HC: Maybe it’s telling also that I could only talk about a sweetie in a mythological figure.

JH: Who has to be dead and in fact never existed at all.

HC: Hot take. 

JH: There are these other poems in the book that seem to be addressing God. When you say God, do you mean God?

HC: Yes, as in the highest level of metaphor. 

JH: Let’s do the horse. In “Last Night,” one of the prose poems in the book, you say “I put the horse by the window because I wanted the world to know what I had done. I was pleased with my work, how I had labored briefly but intensely at something of no value or significance, and I wanted it to be witnessed by others that they might learn something about me and themselves.” Is this how you think about your own poems?

HC: Such a funny question. I think it says a lot about you, Jackson, that you read that part of the poem and thought of it as an ars poetica. But yes, this is how I think about my work 95% of the time. And then 5% of the time I’m like, holy shit, poetry is so important—when I think about what has affected me in my life and what has been powerful to me in my life it’s been books, and that’s what I’m doing now, I’m doing the most powerful thing, oh my God.

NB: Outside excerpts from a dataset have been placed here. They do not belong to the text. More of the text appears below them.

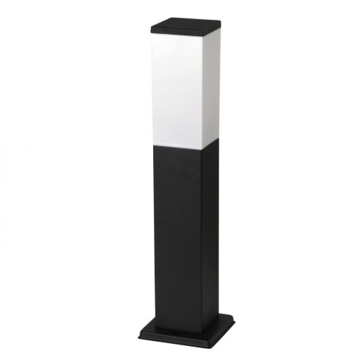 Modern stílusú, kültéri álló lámpa, matt fekete színű fém vázzal, fehér műanyag betétes búrával, IP44-es védelemmel.
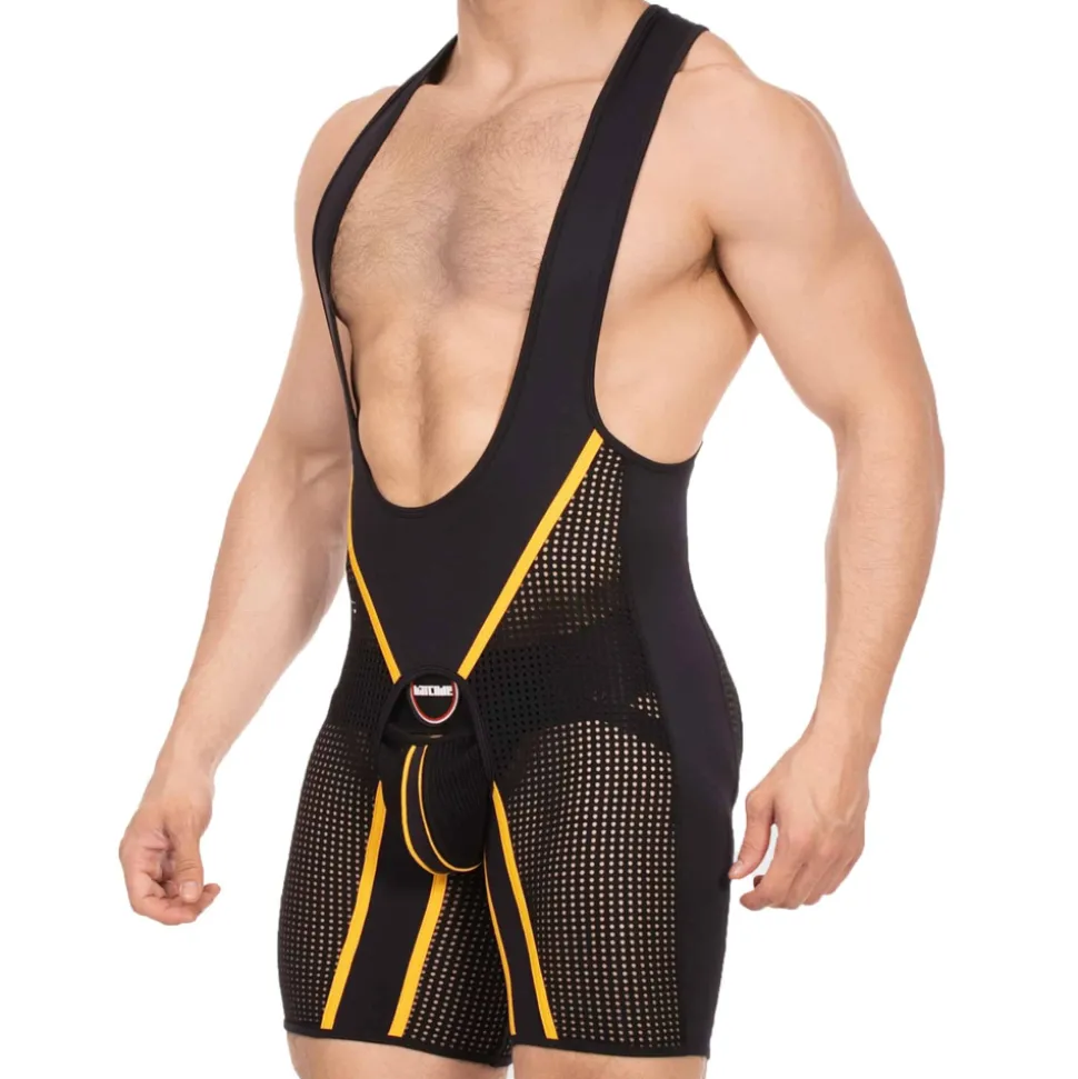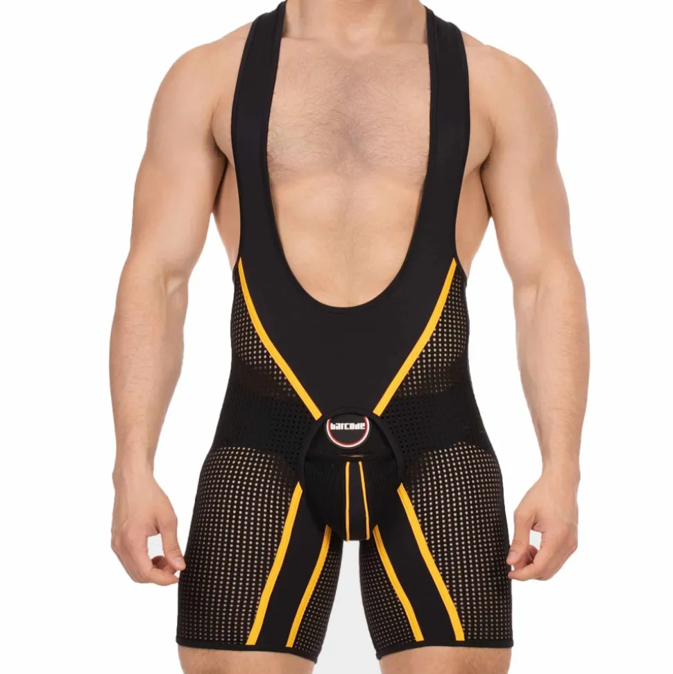 Body sexy et provocant combinant microfibre extensible et résille sport. Totalement ouvert devant et derrière pour un accès facile aux parties intimes (sous-vêtement en photo vendu séparément). Col en U plongeant révélant le torse. Détails de couleur contrastée. Logo Barcode en silicone dans le dos.
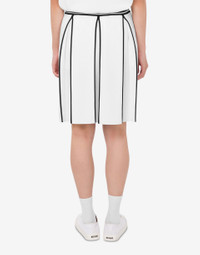 THE RESORT 2026 COLLECTION FEATURES THE TENNIS-INSPIRED PLEATED STRETCH KNIT SKIRT WITH SMALL GOLD ELECTROPLATED LETTER M ON THE FRONT. PRODUCT DETAILS REGULAR FIT - REGULAR WAIST - STRIPED INLAY AT THE WAIST FABRIC: 65% VISCOSE, 35% POLYAMIDE SKU: AEF261E A018005032001
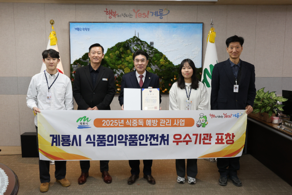 [충청뉴스 계룡 = 조홍기 기자] 계룡시는 ‘2025년 식중독 예방관리 사업 평가’에서 우수 기관으로 선정돼, 지난 12일 식품의약품안전처가 주최한 ‘전국 식중독 예방관리 역량강화 워크숍’에서 식품의약품안전처장 표창을 수상했다고 밝혔다.

And then I’m like, oh, don’t think about that. My ambition has to be a secret to myself, because ambition kills playfulness. I feel really free and happy when I think that the work I’m doing affects no one and is useless.

JH: It is, in the end, a poem about making something and then not recognizing it. Which certainly feels like it could apply to poems as well.

HC: Yeah, it becomes its own thing, even though it came out of you. It becomes unrecognizable to you and foreign to you and frightening to you. And I do think that that’s also very much my experience writing, when it goes well. 

JH: I think, often, we write poems that are mysterious to us. Either we’re not sure why we wrote them, or we’re not sure what they mean. Are there any poems in the book that are still mysterious to you?

HC: When I was putting together the poems, I think the guiding principle I used was to throw out poems that are no longer mysterious to me. Every poem in the book that has remained still has some element of mystery to me. Not only are individual poems still kind of like mysterious to me, putting together the whole book made them all more mysterious because I was like, I didn’t know I thought about time so much, what’s that about? 

JH: Any last thoughts? Any predictions for the coming year?

HC: I predict bees will make a comeback, but not in a way we like.